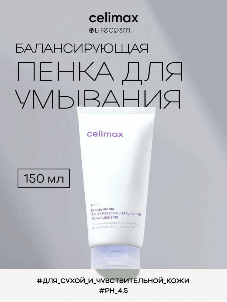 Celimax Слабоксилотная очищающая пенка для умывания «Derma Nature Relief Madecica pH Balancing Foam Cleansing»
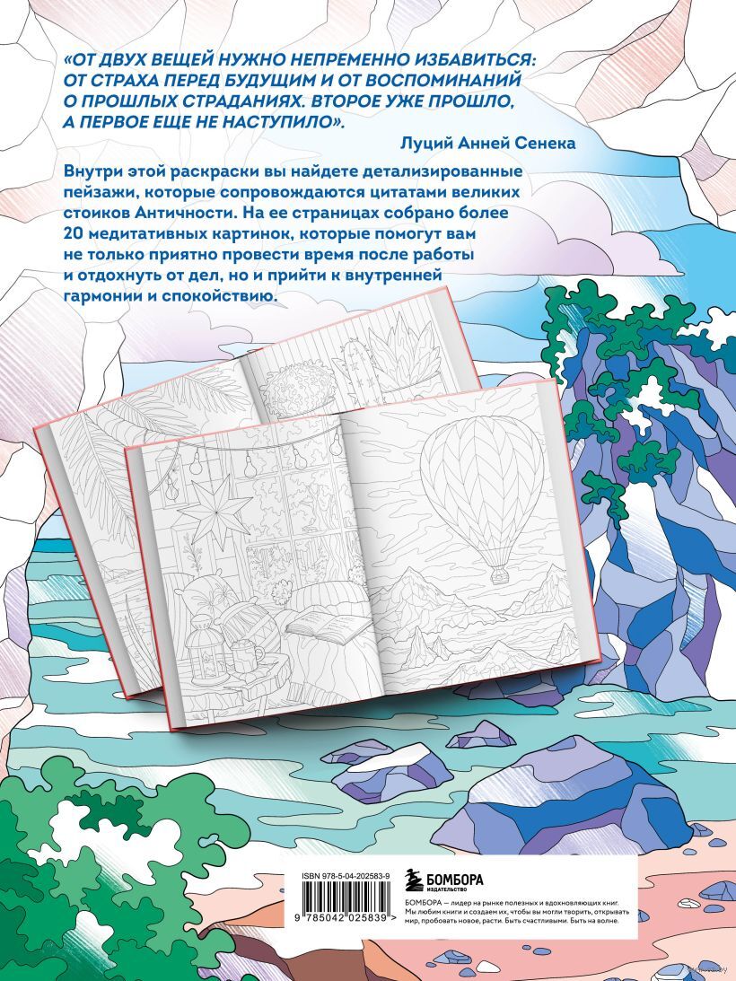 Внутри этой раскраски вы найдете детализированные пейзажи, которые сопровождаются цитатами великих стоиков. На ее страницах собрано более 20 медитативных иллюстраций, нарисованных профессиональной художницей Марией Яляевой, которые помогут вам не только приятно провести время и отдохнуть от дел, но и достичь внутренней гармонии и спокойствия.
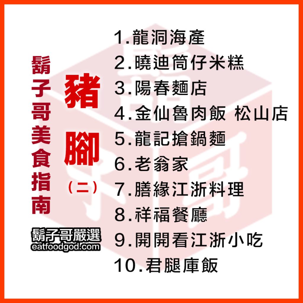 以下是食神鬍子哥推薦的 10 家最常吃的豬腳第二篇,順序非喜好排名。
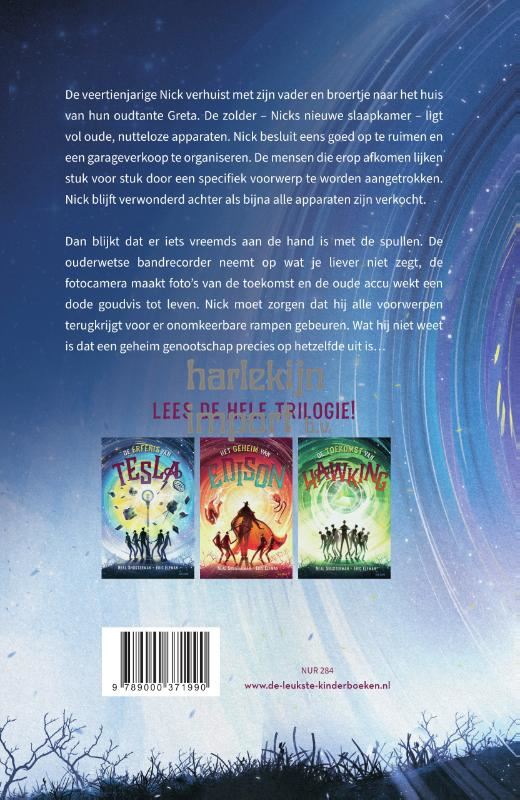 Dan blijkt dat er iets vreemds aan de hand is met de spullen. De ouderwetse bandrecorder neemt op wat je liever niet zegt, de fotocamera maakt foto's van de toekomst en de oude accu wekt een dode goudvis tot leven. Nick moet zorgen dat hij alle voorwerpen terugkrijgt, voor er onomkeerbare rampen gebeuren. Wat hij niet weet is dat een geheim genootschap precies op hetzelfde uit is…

--

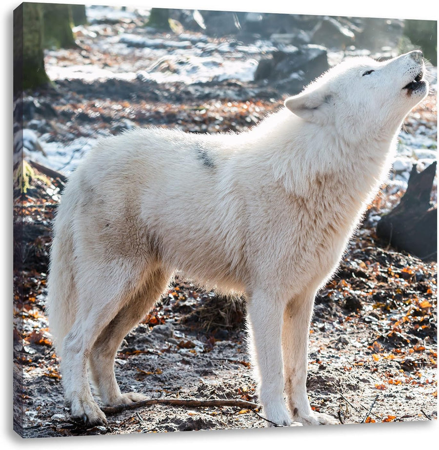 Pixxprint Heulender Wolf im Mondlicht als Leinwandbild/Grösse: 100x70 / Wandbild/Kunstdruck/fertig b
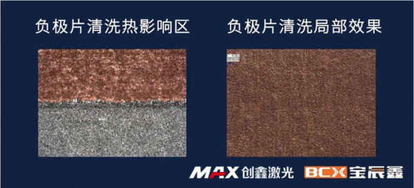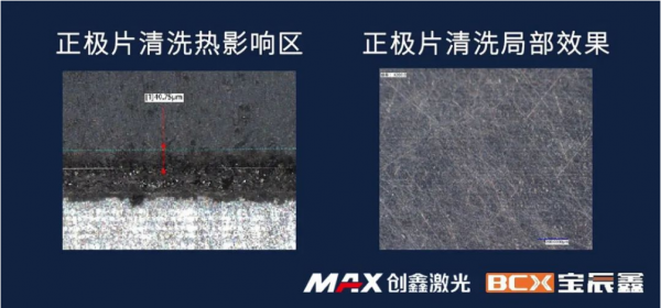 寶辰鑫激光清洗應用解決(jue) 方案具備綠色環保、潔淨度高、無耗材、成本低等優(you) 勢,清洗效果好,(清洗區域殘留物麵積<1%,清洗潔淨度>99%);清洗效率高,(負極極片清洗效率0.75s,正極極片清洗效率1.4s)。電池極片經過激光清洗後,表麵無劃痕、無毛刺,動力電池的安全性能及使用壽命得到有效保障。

ABOUT THIS TASK: Each line from the one that contains "Celimax Слабоксилотная очищающая" down to the one that contains "以下是食神鬍子哥推薦的 10 家最常吃的豬腳第二篇,順序非喜好排名。" is to be returned exactly as it stands above, both ends included, with pictures removed.

EXPECTED ANSWER:
 Celimax Слабоксилотная очищающая пенка для умывания «Derma Nature Relief Madecica pH Balancing Foam Cleansing»
 Внутри этой раскраски вы найдете детализированные пейзажи, которые сопровождаются цитатами великих стоиков. На ее страницах собрано более 20 медитативных иллюстраций, нарисованных профессиональной художницей Марией Яляевой, которые помогут вам не только приятно провести время и отдохнуть от дел, но и достичь внутренней гармонии и спокойствия.
 以下是食神鬍子哥推薦的 10 家最常吃的豬腳第二篇,順序非喜好排名。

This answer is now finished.